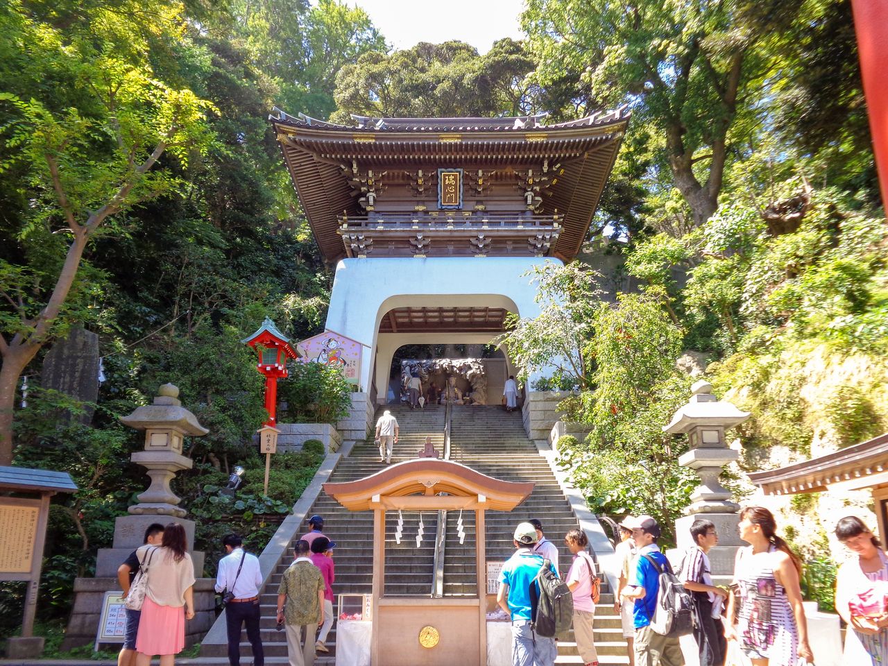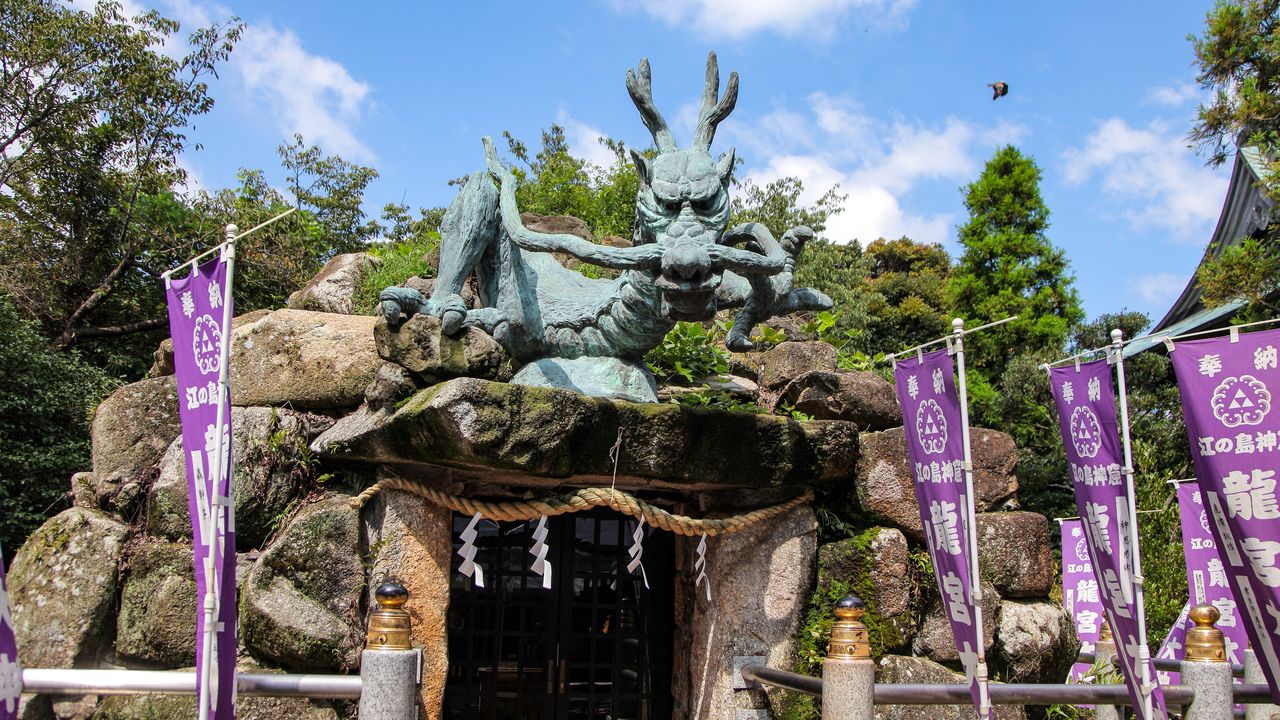 يأخذ معبد إنوشيما اسمه من الجزيرة التي تعد موقعا سياحيا شهيرا بمحاذاة ساحل شونان. وهذا المعبد هو المفضل لدى المصلين منذ فترة إيدو (1603-1868)، ويُبجِل الإلهة ”بينزايتين“ المستوحاة من التقاليد البوذية الهندية والتي ترتبط بأشياء مثل المياه والفنون والحكمة والثروة.
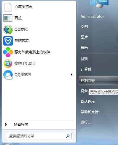 2、然后点击电脑桌面左下角的WIN图标开始按钮,然后点击右面的控制面板
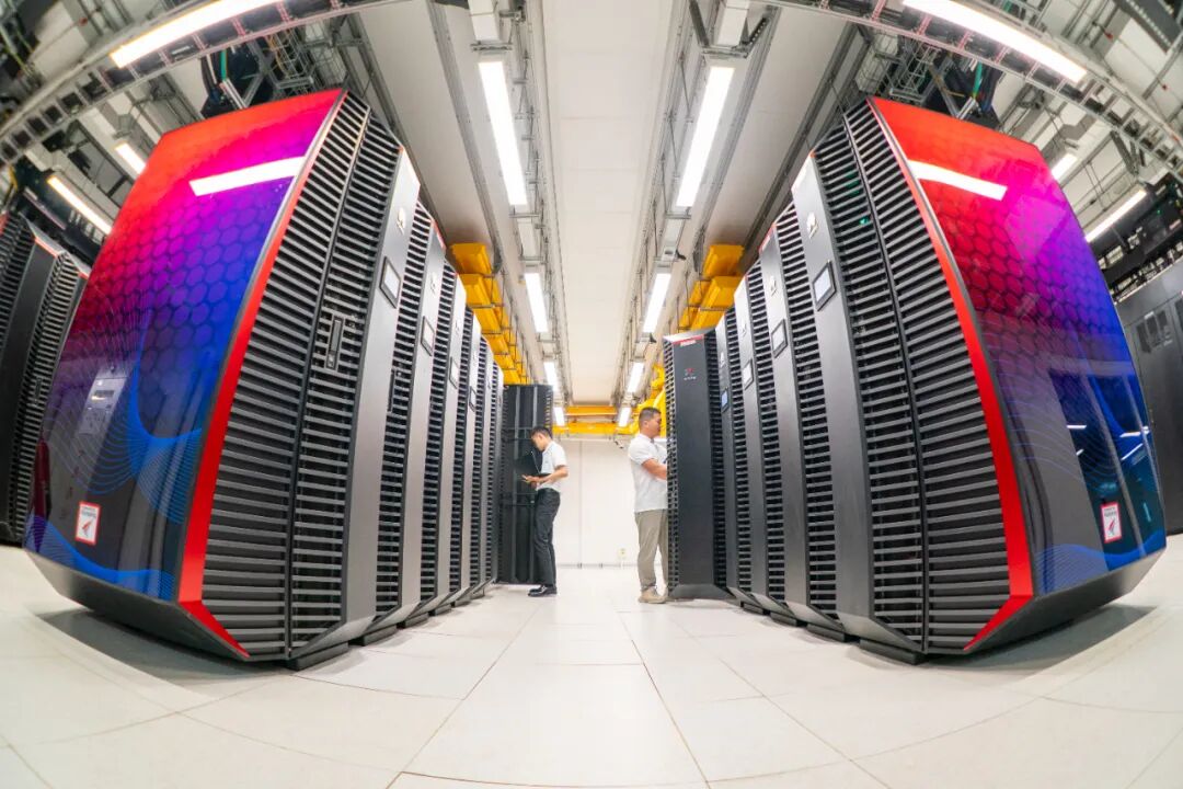 武汉超算中心机房,技术人员在巡控服务器机房(魏铼|摄)
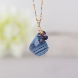 ストライプ柄のブルーオパールを探しており、やっと好みの模様のものに出会えた!と思い購入いたしました。添えられたアイオライトなどのビーズもキラキラで、落ち着いたトーンで纏めたシックな雰囲気がとても気に入っています。

> [Problem statement]: From the line containing "武汉超算中心机房,技术人员在巡控服务器机房(魏铼|摄)" to the last line of the material, every line is to be reproduced exactly. No picture belongs in the copy.

> [Exercise output]:
 武汉超算中心机房,技术人员在巡控服务器机房(魏铼|摄)
 ストライプ柄のブルーオパールを探しており、やっと好みの模様のものに出会えた!と思い購入いたしました。添えられたアイオライトなどのビーズもキラキラで、落ち着いたトーンで纏めたシックな雰囲気がとても気に入っています。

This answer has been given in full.